# Registration of house purchase in RSA



## shumifan49 (Sep 18, 2013)

I am moving to RSA arriving on 4/10/2014. My household contents are being shipped on 2/10/2014 and will take roughly 6 weeks to arrive according to movers.
My problem:

I am being told that if I buy a house in RSA the registration process will take 4-8 months. This means I will have to leave the move in storage for that time and rent somewhere. Does anybody have REAL experience of how long the registration process takes. As this might vary by area it might be pertinent that I am moving to Roodepoort area. I know I can try to negotiate 'occupational rent', but these rental figures tend to be very high compared to normal rental.

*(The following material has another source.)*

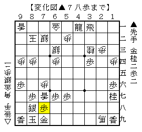 後手は受けに余裕があるうちに、△7七香で食いつく形も▲7八歩で受けに回ります。
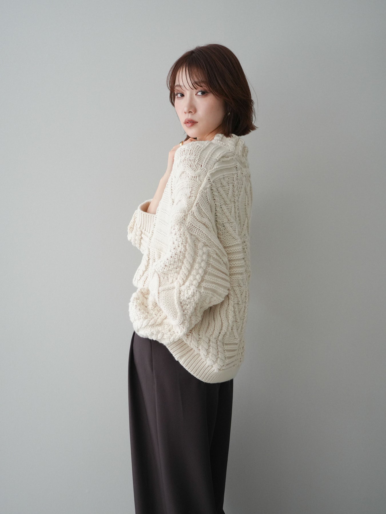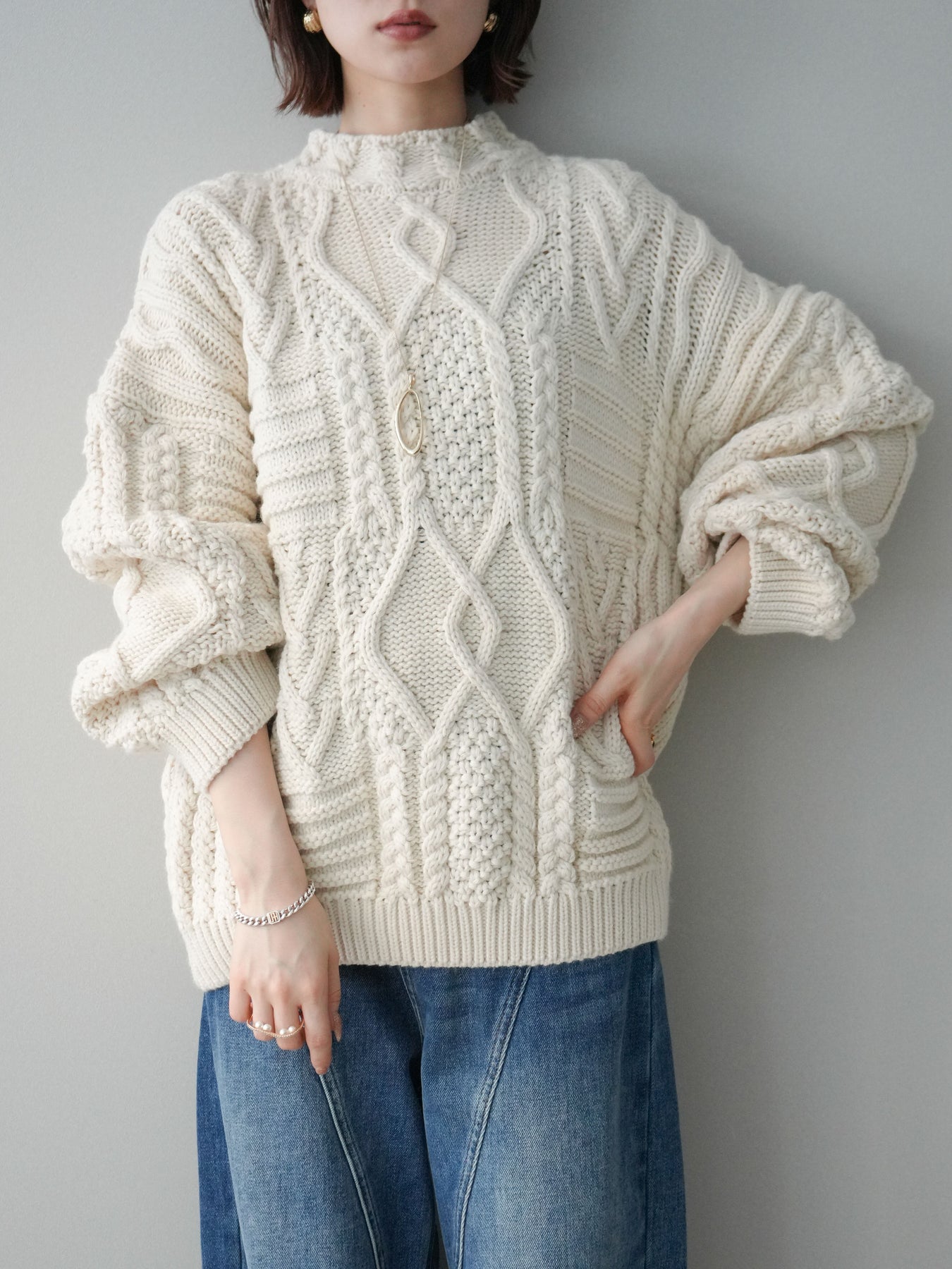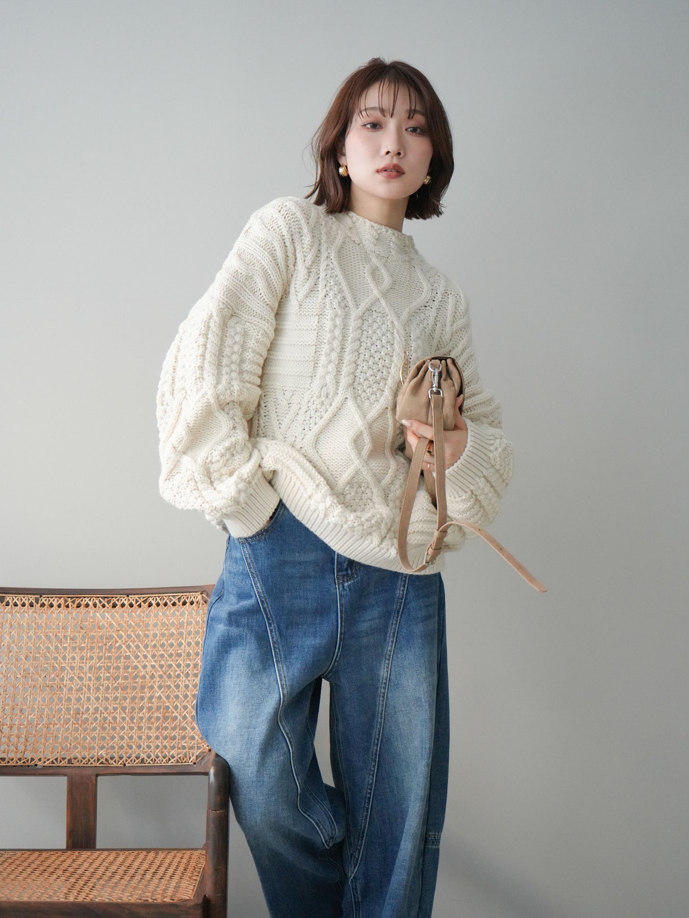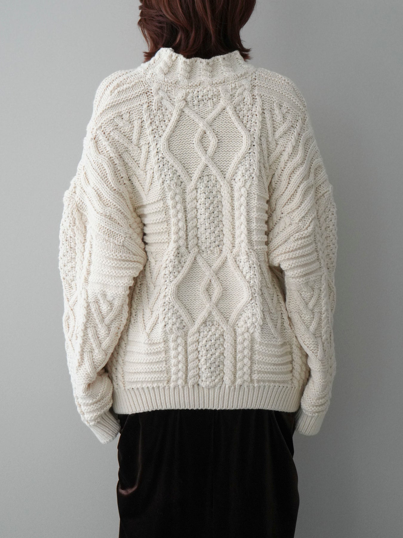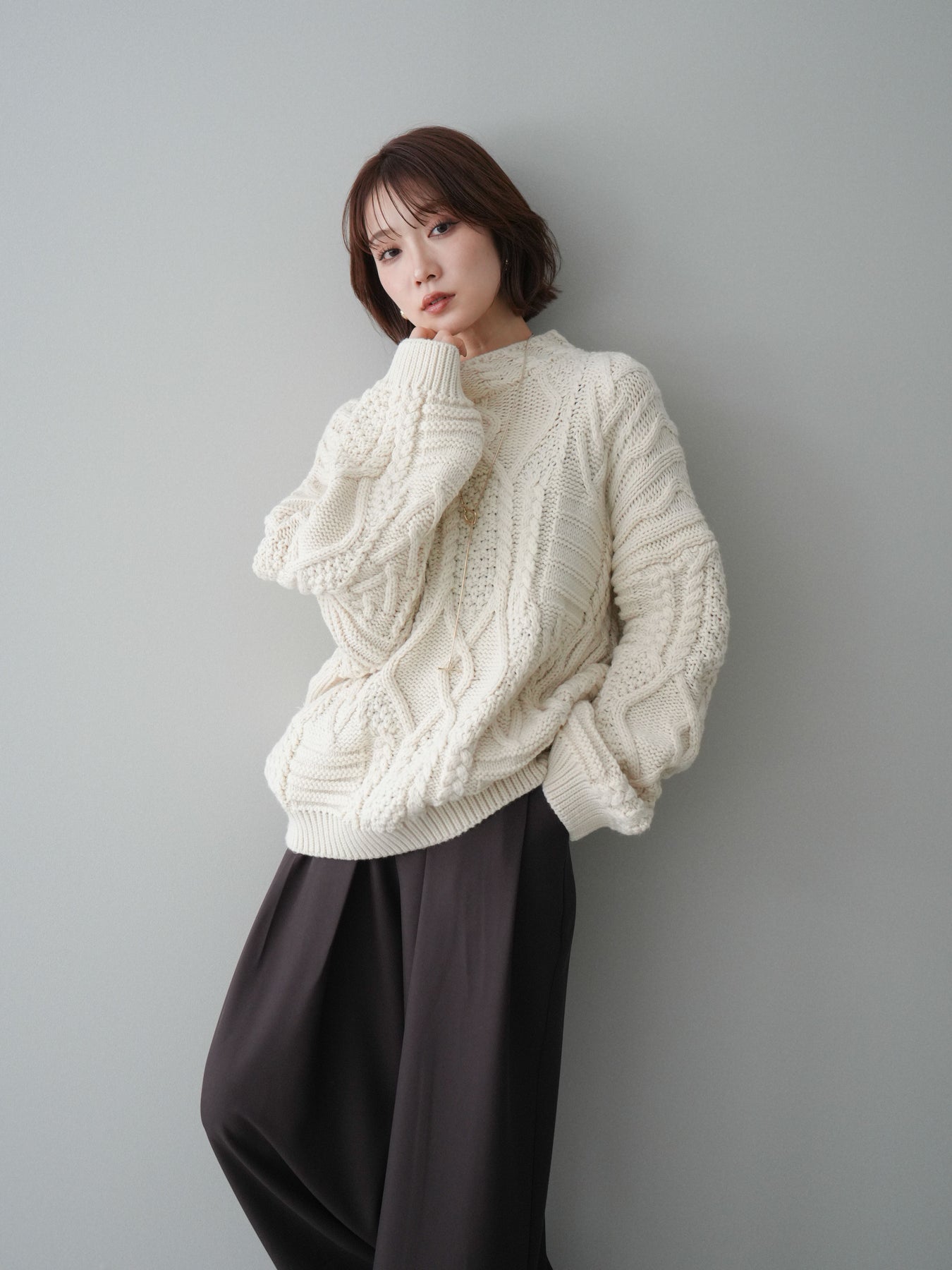 [予約]ケーブル編みモックネックニットプルオーバー/ivory

Note that the purchase will be cash with no mortgage.

Others have told me that registration takes 4-6 weeks, so I don't know who to believe.

Any comments appreciated.

Also could anybody PM me a reliable conveyancing lawyer to use.


----------



## shumifan49 (Sep 18, 2013)

Anybody?


----------



## noriki (Jul 14, 2014)

are you buying cash or bank bond ?
if it is cash good attorney make it in 4 weeks 
i bough a house last year cash took 6 weeks to be registered


----------



## neilkennedy (Oct 21, 2013)

We did this last year - 4-6 weeks is realistic


----------



## shumifan49 (Sep 18, 2013)

Thanks for your replies.
It will be a cash purchase, so I'm hoping 4-6 weeks then.


----------



## Saartjie (Mar 1, 2010)

shumifan49 said:


> Thanks for your replies.
> It will be a cash purchase, so I'm hoping 4-6 weeks then.


Hi,
The registration time depends upon where you are buying. Some places are really quick, we bought our house in August last year and the registration took exactly 13 working days. I know people who have bought in other areas who have waited several months. If you use a Conveyancer who is familiar with your particular area they should be able to give you an indication as to how long it usually takes.


----------